▶ _The data_
------------------------------------------------------------------------
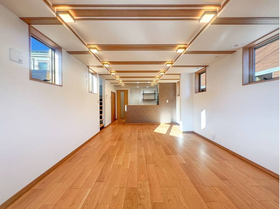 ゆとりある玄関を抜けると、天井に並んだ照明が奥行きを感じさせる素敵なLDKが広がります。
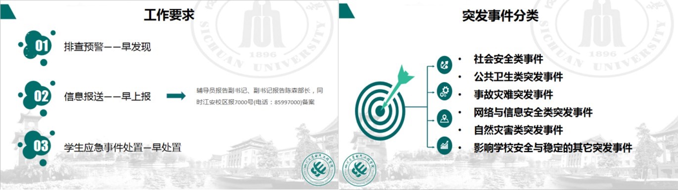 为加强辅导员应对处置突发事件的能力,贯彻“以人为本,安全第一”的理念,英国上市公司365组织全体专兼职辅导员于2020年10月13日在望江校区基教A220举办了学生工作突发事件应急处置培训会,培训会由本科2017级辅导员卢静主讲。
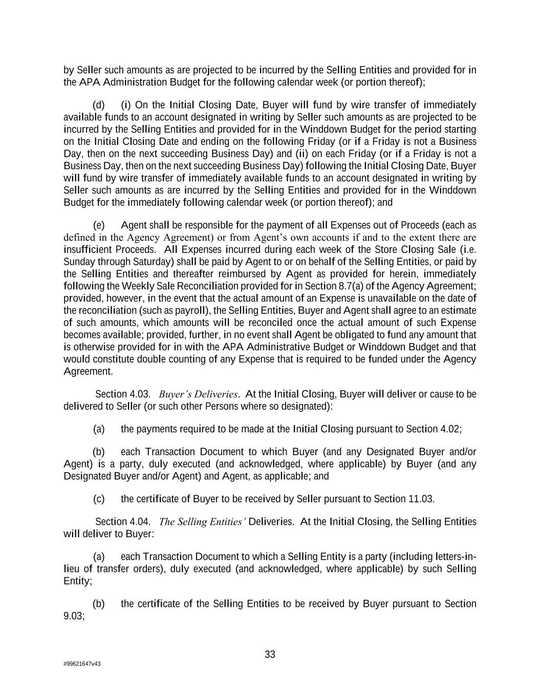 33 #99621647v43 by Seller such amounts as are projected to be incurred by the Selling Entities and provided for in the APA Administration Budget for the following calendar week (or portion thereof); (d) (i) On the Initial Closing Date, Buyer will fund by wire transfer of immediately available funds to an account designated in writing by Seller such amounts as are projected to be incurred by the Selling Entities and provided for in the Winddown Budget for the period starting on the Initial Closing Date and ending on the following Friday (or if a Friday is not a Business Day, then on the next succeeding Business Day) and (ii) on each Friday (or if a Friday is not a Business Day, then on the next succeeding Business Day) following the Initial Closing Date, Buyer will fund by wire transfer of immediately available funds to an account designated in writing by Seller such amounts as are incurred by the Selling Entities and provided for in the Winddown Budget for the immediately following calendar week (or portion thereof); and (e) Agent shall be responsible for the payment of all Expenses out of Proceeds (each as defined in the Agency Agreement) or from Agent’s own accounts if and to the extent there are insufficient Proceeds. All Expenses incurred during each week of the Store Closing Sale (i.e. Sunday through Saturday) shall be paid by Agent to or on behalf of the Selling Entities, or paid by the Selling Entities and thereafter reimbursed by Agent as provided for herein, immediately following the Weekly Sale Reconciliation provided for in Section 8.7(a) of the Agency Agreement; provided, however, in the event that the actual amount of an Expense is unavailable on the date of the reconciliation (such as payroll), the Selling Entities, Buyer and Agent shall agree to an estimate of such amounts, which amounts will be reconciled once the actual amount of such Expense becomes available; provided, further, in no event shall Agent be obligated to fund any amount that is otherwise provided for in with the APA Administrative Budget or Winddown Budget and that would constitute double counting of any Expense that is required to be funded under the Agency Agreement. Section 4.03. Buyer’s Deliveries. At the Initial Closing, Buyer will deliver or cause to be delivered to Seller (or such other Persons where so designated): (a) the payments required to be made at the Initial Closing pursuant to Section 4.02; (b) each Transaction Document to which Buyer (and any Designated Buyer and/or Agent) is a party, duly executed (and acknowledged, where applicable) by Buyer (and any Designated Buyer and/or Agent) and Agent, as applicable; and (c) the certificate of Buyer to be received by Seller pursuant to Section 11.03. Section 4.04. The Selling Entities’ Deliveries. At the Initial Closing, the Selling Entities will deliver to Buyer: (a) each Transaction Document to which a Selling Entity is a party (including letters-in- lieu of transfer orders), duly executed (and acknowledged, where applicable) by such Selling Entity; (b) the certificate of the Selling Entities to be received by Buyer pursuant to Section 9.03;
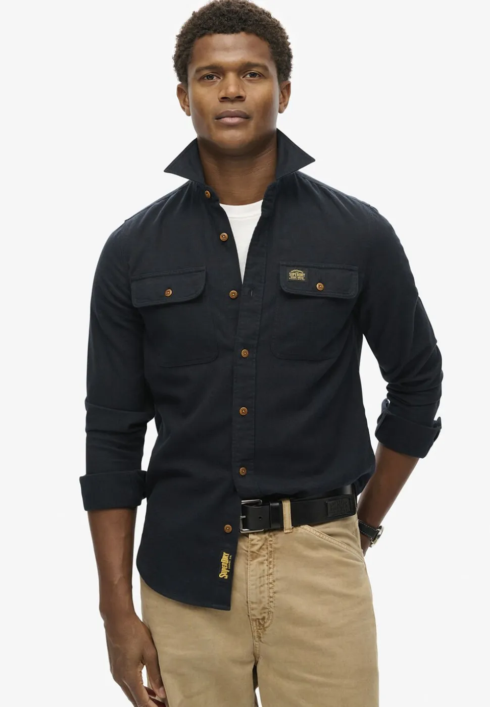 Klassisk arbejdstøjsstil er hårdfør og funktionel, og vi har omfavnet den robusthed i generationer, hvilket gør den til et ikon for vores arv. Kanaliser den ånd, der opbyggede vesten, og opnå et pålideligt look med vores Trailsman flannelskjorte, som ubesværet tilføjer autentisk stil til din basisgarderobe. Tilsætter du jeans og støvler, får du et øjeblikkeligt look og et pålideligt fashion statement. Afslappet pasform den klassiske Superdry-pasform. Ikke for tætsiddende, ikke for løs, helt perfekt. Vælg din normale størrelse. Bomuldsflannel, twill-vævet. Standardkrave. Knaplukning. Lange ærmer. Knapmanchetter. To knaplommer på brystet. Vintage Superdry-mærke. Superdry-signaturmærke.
------------------------------------------------------------------------
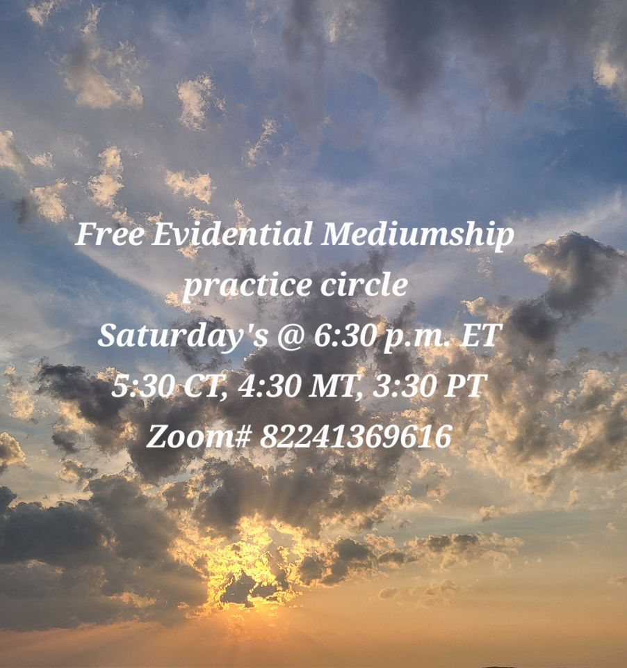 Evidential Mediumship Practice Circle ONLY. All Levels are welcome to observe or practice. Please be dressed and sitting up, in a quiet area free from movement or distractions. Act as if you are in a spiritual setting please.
------------------------------------------------------------------------
▶ _To do_
What is needed is an exact copy of the lines above from the one with "ゆとりある玄関を抜けると、天" to the one with "为加强辅导员应对处置突发事件", both ends kept, and nothing more; please leave the pictures out.

▶ _Answer to the exercise_
 ゆとりある玄関を抜けると、天井に並んだ照明が奥行きを感じさせる素敵なLDKが広がります。
 为加强辅导员应对处置突发事件的能力,贯彻“以人为本,安全第一”的理念,英国上市公司365组织全体专兼职辅导员于2020年10月13日在望江校区基教A220举办了学生工作突发事件应急处置培训会,培训会由本科2017级辅导员卢静主讲。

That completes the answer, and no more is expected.